‘Unprecedented, undemocratic’: UTSSA ousts Education Officer less than a week before end of term
Woodward has also been barred from nominating or participating in future elections.
The UTS Students’ Association (UTSSA) last night voted to dismiss Education Officer Ellie Woodward five days before the end of her term, and passed constitutional amendments that will make it easier to dismiss future councillors.
Woodward, alongside the UTS Education Action Group (EAG), has been involved in organising protests and rallies against staff cuts and job losses at UTS.
She has previously been sanctioned by the UTSSA for postering on campus, a standard activity in education activism, which was deemed as contempt for the UTSSA Constitution and the Association Code of Conduct.
“[This motion] is being painted as an issue of rule-following rather than democracy,” said Woodward. “It’s so crazy, so unprecedented and so undemocratic.”
Woodward has also been barred from “nominating or participating” in future elections in accordance with a clause in the UTSSA’s by-laws outlining the powers of the Grievance Committee, which was established this year as part of the Associations’s “disciplinary procedure”.
Education activist Vinil Kumar also noted at the meeting that not even USyd’s 2019 Liberal-dominated SRC moved to dismiss a sitting officer or prevent councillors from participating in future elections.
The UTSSA explained Woodward’s dismissal, in spite of her term ending on December 5, as setting a “precedent” for future councillors who do not act in accordance with the Association’s “rules”.
EAG member Holly Hayne raised concerns about the precedent Woodward’s dismissal will set for future councillors who disagree with a Unity-dominated Executive and its implications for democracy within the UTSSA.
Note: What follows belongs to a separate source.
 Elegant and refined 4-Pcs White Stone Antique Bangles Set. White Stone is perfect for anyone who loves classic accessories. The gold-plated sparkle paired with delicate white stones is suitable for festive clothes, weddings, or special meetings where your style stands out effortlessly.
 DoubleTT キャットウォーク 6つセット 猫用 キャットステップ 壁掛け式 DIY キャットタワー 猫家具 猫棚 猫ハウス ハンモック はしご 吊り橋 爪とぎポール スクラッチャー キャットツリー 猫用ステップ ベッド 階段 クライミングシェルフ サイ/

At the time of writing, the UTSSA is led by President Aidan O’Rourke (Unity) and General Secretary Erin Dalton (NLS), who faced criticism earlier this year for censoring the EAG’s March 24 protest against course cuts and breaking collective autonomy.
“This is not just a factional fight… This is an issue of the right putting resources into preventing students from activism,” Hayne said.
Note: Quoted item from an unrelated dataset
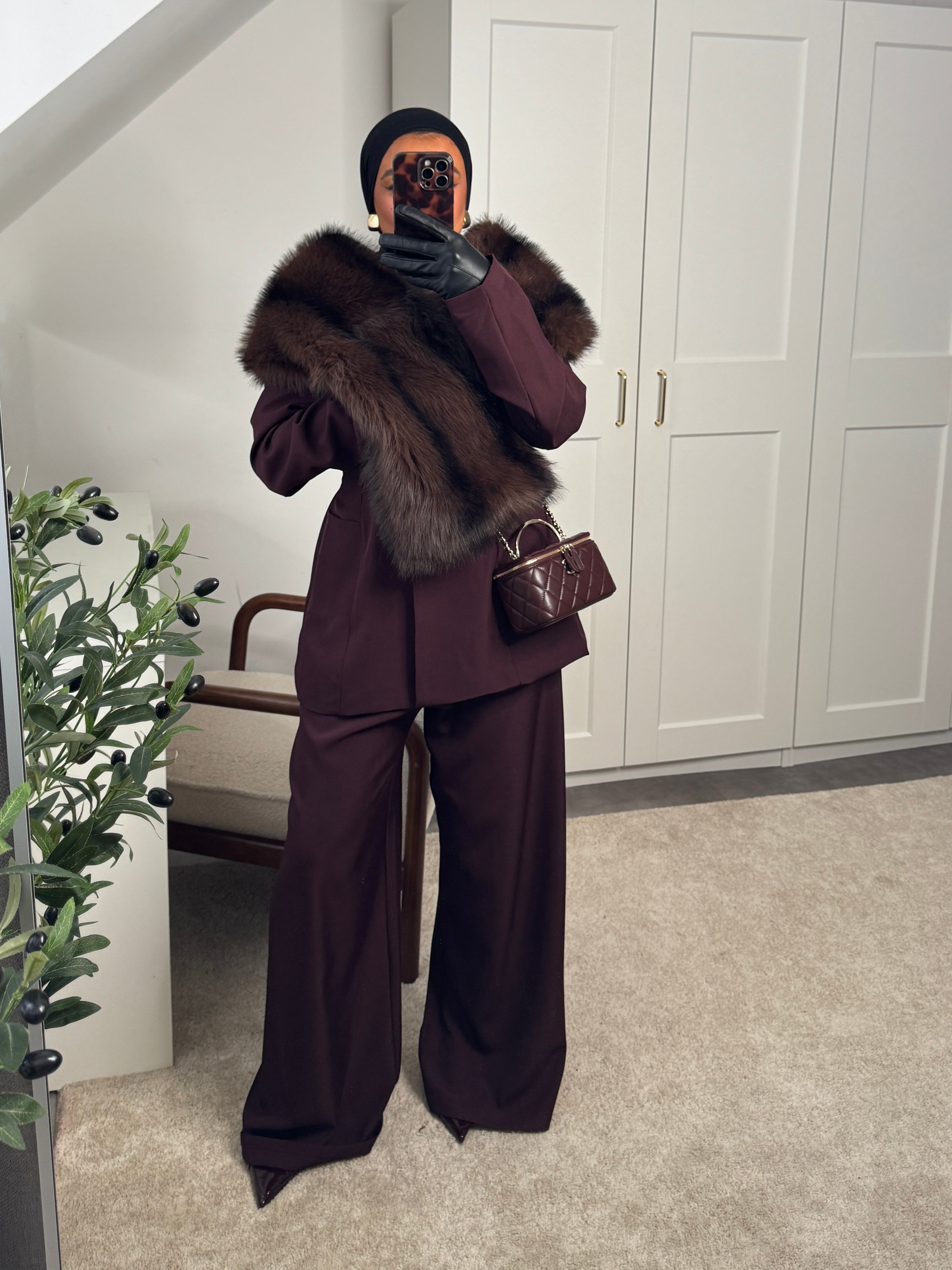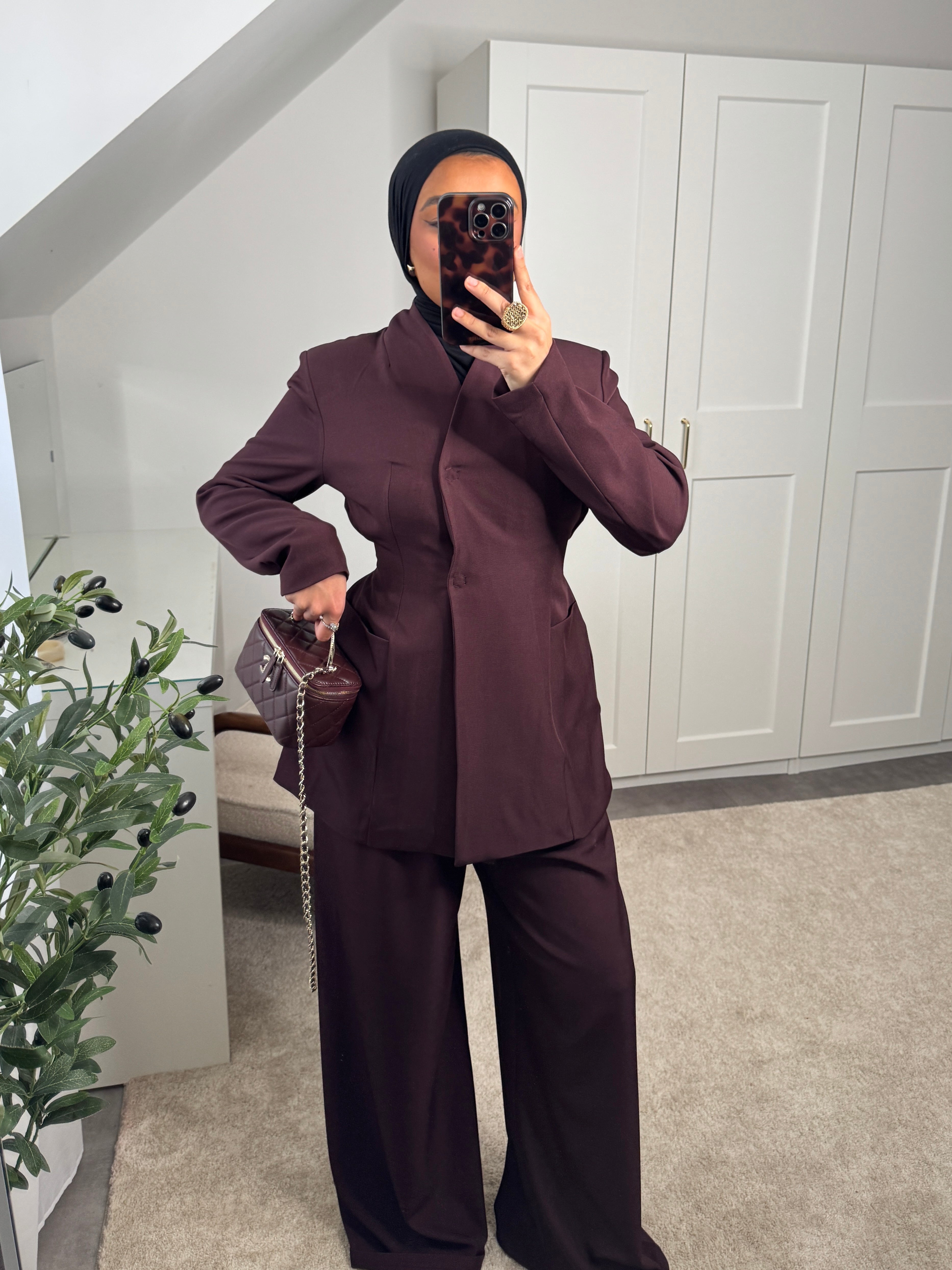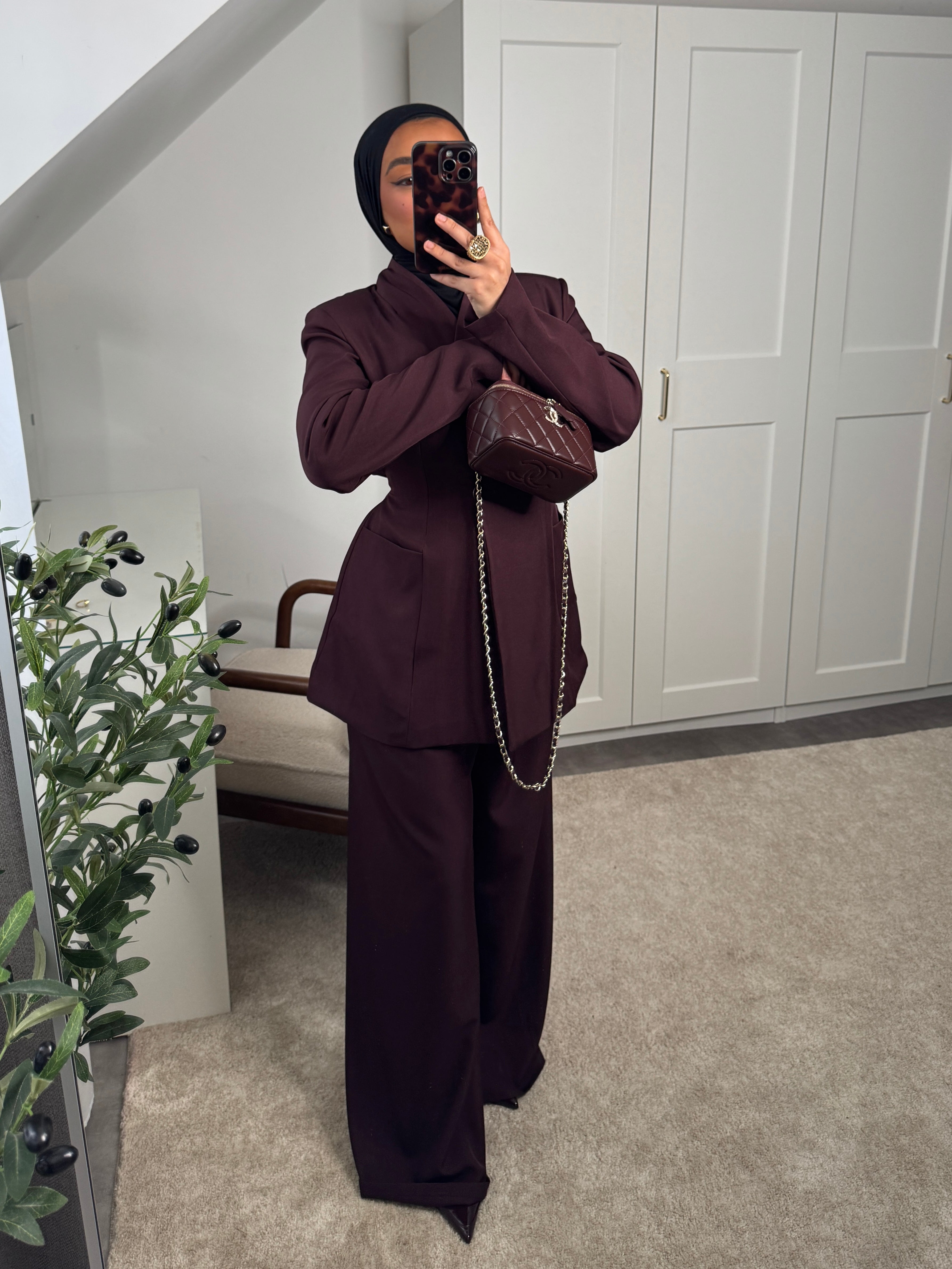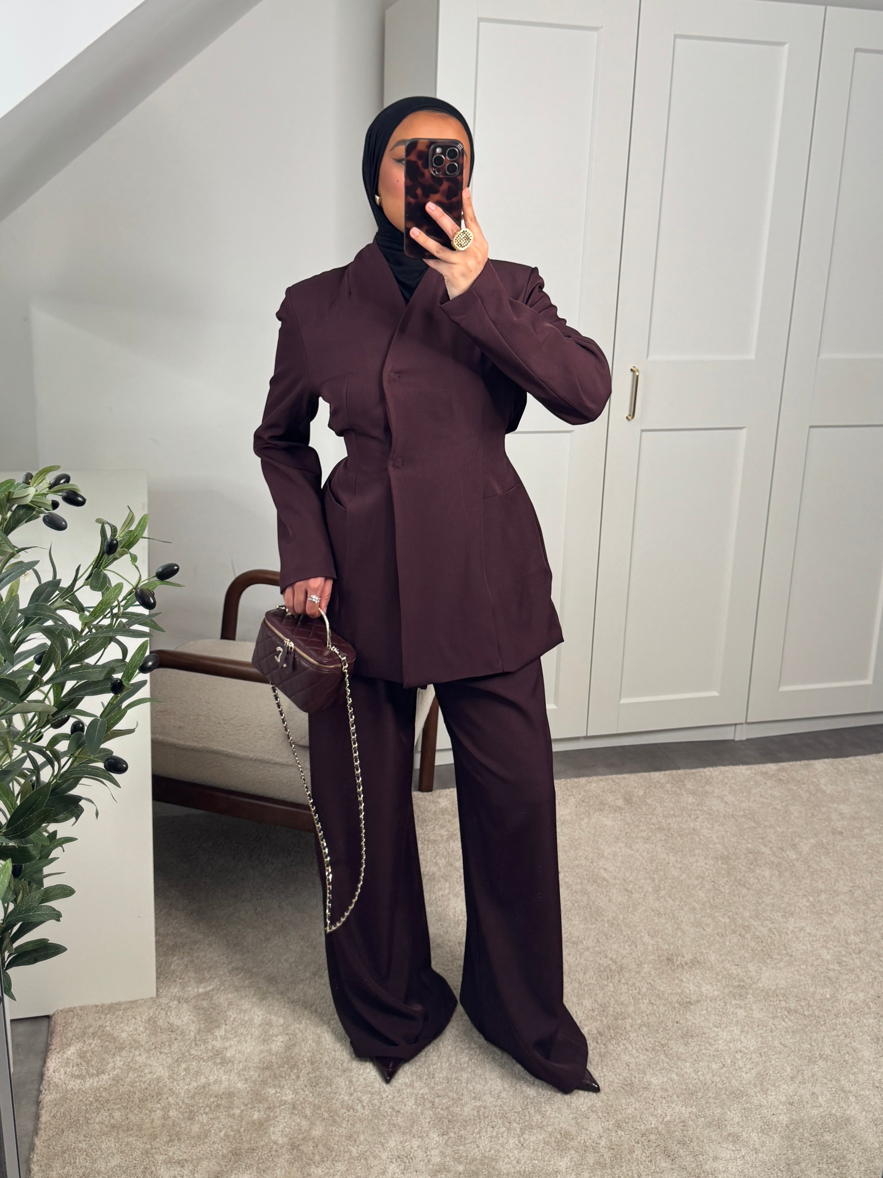 Actualiser la disponibilitéSet 2 pièces - blazer col croisé avec ceinture à l'arrière et pantalon élastique à la taille.

The UTSSA also voted in favour of a number of constitutional amendments that will make it easier to remove elected student officials.
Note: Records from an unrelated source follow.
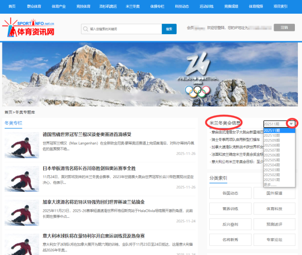 页面右侧是《洛杉矶奥运信息》和《米兰冬奥会信息》刊物入口,可通过下拉菜单选择期数。
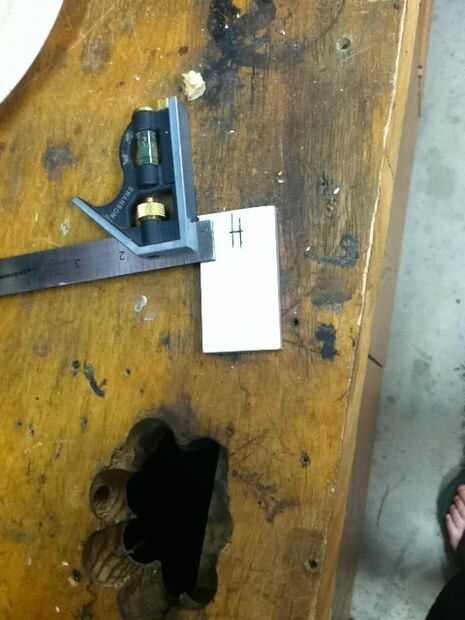 2. Con un rotulador y una escuadra marca su centro. También Marque el centro en la parte superior de la barra de acción.
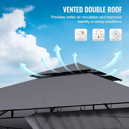 ALLWETTERSCHUTZ: Das Gewebe des Pavillonzeltes ist sämtliche strapazierfähigem, wasserdichtem und UV-beständigem Oxford-Gewebe gefertigt, das Sie vor Sonne und Regen schützt. Die Oberseite des Zeltes ist mit Entwässerungslöchern ausgestattet, um Wasseransammlungen zu umgehen.
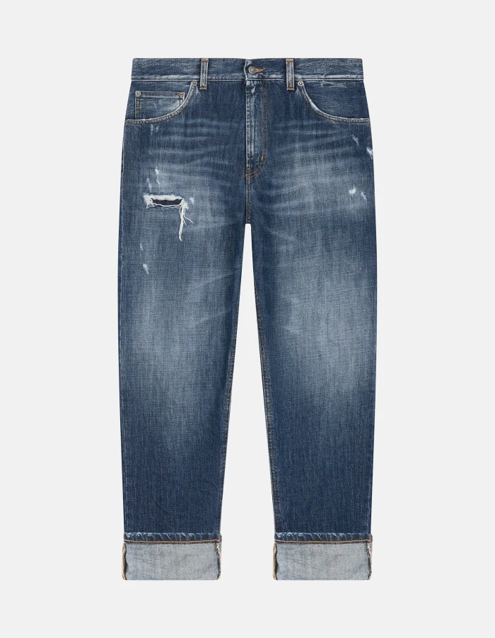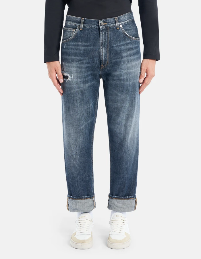 Paco loose-fit five-pocket jeans, regular waist. Blue-grey 12 3/4 oz recycled rigid denim. Dark vintage wash with rips and repairs. Dondup logo. Made in Italy

These include changing the voting requirements for a councillor’s dismissal from a two-thirds majority to a 51 per cent absolute majority, allowing councillors to be dismissed for remediable failures to comply with the UTSSA’s Code of Conduct, and permitting SRC vacancies to be filled “by the person elected to that position in that general election”.
Students have expressed concerns that the changes would hamper democratic proceedings with excessive bureaucracy, with first-time councillors who are adjusting to their roles at risk of dismissal for failing to complete administrative tasks such as accurately recording minutes.
Activists have also noted that changes to the voting requirements reflect Labor Unity and NLS’ shifting balance of power after the recent October elections resulted in more seats for left-wing Grassroots candidates and fewer seats for Labor.
“The amendments mean [that] next year Labor could dismiss their opponents and install themselves to positions they lost in the student election, effectively by-passing democracy,” said Hayne in a statement to Honi.
In Council discussions regarding the amendment on fulfilling vacancies, outgoing Indigenous Officer Zebadiah Cruickshank (NLS) implied that Labor councillors would “sack Anna [Thieben (Grassroots), incoming UTSSA President]” and install incoming General Secretary Sabrine Yassine (Unity) as President. Such comments have raised further concerns about the anti-democratic leanings of Labor student officials.
“What an appalling attack on student democracy and activism. Particularly in the context of historic attacks on education, we need a democratic students association that fights for students’ interests,” said Hayne.